1. Use awk (gawk) script "simple" to see a sample parsing (#7 below)
2. Currently you can see a basic Spark parsing of PCMD in iPython. (#9 below)
3. Once you have iPython running execute pyspark_test_rev3 to see output

Next steps, now that I can select any field and value pair from PCMD, I will construct some basic code that generates statistics on a single chosen field collected.

++++++++++++++++++++

Files:
generate_windowed_cell_statistics.py
map_real_pcmd.py
map_synthetic_pcmd.py

config.ini

Instructions (Original)
To try the code, use the following steps:
(Note step 1 and step 2 need only be performed once in a machine lifetime)
1. hadoop fs -mkdir /SYN_PCMD_DATA
   hadoop fs -mkdir /REAL_PCMD_DATA


2. hadoop fs -copyFromLocal /vagrant/DATA/SYNTHETIC_PCMD_LIKE_DATA/*  /SYN_PCMD_DA
TA/.
   hadoop fs -copyFromLocal /vagrant/DATA/Pruned_Real_PCMD_Data/*  /REAL_PCMD_DATA/.



3. ~/start-spark-cluster.sh


4. To run using synthetic data: pyspark generate_cell_statistics.py  $SPARK_MASTER
  0 "hdfs://localhost:8020/SYN_PCMD_DATA/pcmd_2014-03-07-15-31-40"

5. To run using real data: pyspark gen_cell.py 2014-03-26.17_12 2
note: This version of the code takes the date and windowed time as input

6. View the output in file "output_cell_statistics.txt"

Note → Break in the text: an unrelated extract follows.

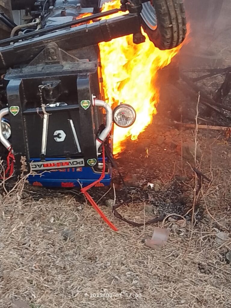 भीषण दुर्घटना में दो लोगों की जिंदा जलने से मौत, ट्रैक्टर और थ्रेसर के पलटने से लगी आग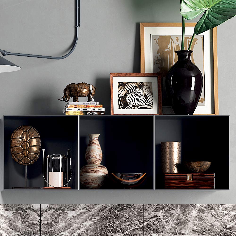 fully extractable drawer and soft close closure. Also included are the 3 hanging cubes in matt black lacquered metal.

7. For debugging the following awk script and oneline pcmd file
gawk -f quick sample

8. Really to perform #4 for iPython you need to do the following:

9. IPYTHON_OPTS="notebook --pylab inline" IPYTHON=1 pyspark
#http://www.mccarroll.net/blog/pyspark2/index.html
10. pyspark_test_rev3 is the most current iPython file